Pero Dios se confronta al hecho de que los ángeles y los hombres, abusando de su libertad, pecan, actuando así contra Su Voluntad activa. Este abuso puede tener lugar porque el Creador ha dotado de una libre voluntad a Sus criaturas racionales, y porque una verdadera relación de amor entre Dios y Sus hijos necesita la libertad como fundamento. Podemos comprenderlo también en la dimensión humana: para que haya verdadero amor entre dos personas, tiene que haber libertad y no puede ser forzado.
Entonces, hasta cierto punto, Dios le da al hombre la posibilidad de realizar su propia voluntad; aunque ésta se oponga a Su plan originario. Esto es lo que llamamos las “permisiones de Dios”. Sin embargo, dado que Dios no hizo omnipotentes ni a los ángeles ni a los hombres, el abuso de su libertad queda limitado, tanto en el tiempo como en sus consecuencias. A esto viene a añadirse el hecho de que Dios se mantiene firme en Su plan de salvación para la humanidad, a pesar de todas las resistencias que se le ofrezcan. Más aún, Él sabe integrar todas estas resistencias en Su plan de salvación. Expresándolo en términos humanos, podríamos decir que las resistencias del hombre pueden convertirse en desvíos –muchas veces dolorosos– a través de los cuales Dios, al fin y al cabo, alcanza sus metas.
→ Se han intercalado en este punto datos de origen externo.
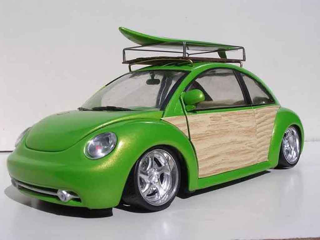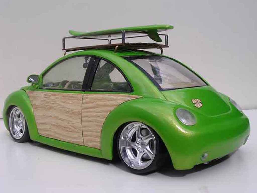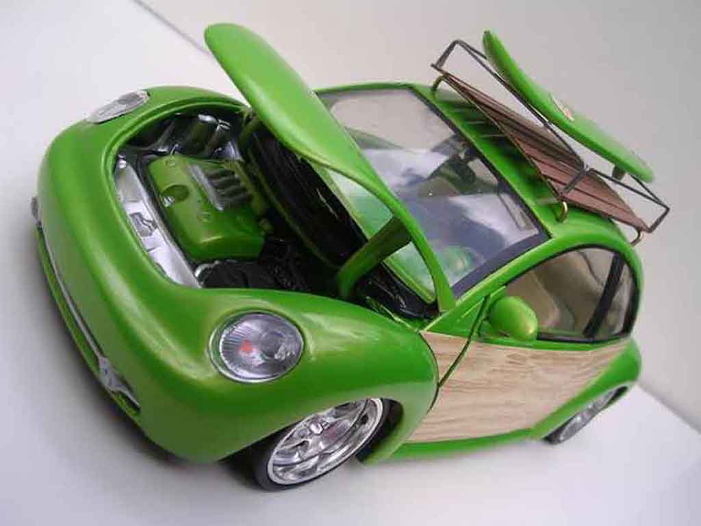 SEI QUI : AUTO IN MINIATURA > VOLKSWAGEN MODELLINO IN MINIATURA > VOLKSWAGEN NEW BEETLE MODELLINO IN MINIATURA > Volkswagen New Beetle 1/18 Burago woody green surf california
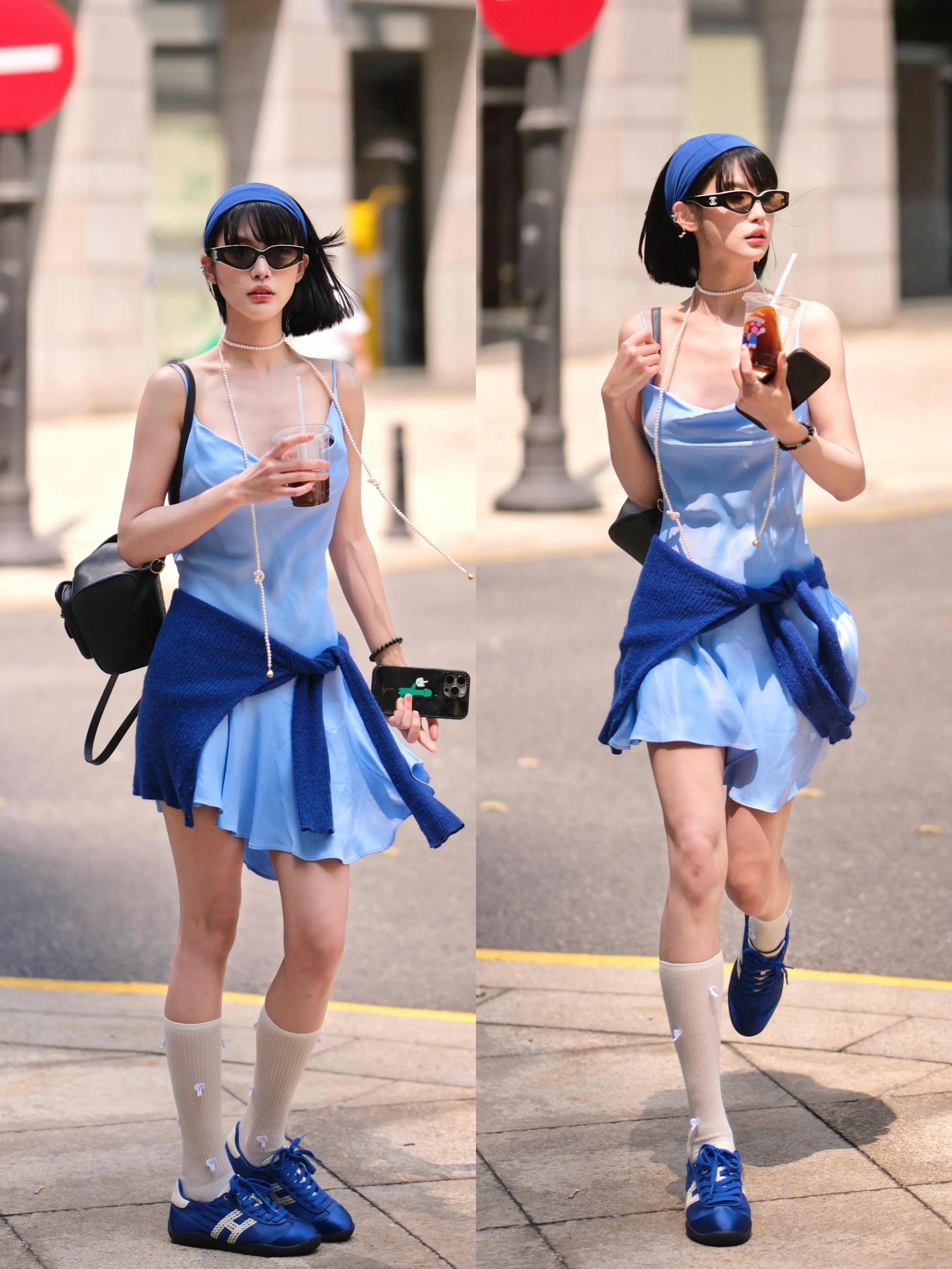 用雾霾蓝缎绸面料吊带裙配上一双蓝色德训鞋,不费力就能让你轻松拿捏小性感,走起路来自带风,少女感扑面而来。

El sufrimiento surgió originariamente como consecuencia del alejamiento de Dios. Sabemos que, después de que el hombre cometió el pecado original, entró la muerte en el mundo (cf. Rom 5,12). En ese sentido, también las enfermedades y el dolor corporal son consecuencias del estado de separación de Dios.
Ahora bien, la Redención del hombre no se produce simplemente liberándolo del sufrimiento; sino que éste es aprovechado para la salvación. Se restablece la relación con Dios, se recibe el perdón del pecado y se sanan las consecuencias que han quedado en el alma a causa del pecado. También el sufrimiento corporal experimenta una transformación, cuando adquiere un nuevo sentido.
Dios se vale de todas las irregularidades de nuestra vida, incluido el sufrimiento. Éste puede servir para la purificación del hombre, cuando él intenta sobrellevarlo conscientemente y lo une al sufrimiento de Cristo. El Señor aceptó el sufrimiento por amor a Dios y por amor a los hombres, y así nos redimió con su Pasión y Muerte voluntarias.
Aunque Dios glorifique a su Hijo por este camino de sacrificio, y le ofrezca al mundo la salvación a través de él, Su muerte sigue pesando sobre aquellos que la provocan. Nadie está forzado a hacer el mal para que de ahí resulte un bien mayor. La muerte de un inocente, en este caso del Hijo de Dios mismo, es un acto intrínsecamente malo; pero que ha sido transformado por Dios, en Su omnipotencia, en un acto de Redención.
¡Utilicemos la libertad que hemos recibido de Dios para buscar Su Voluntad y cumplirla!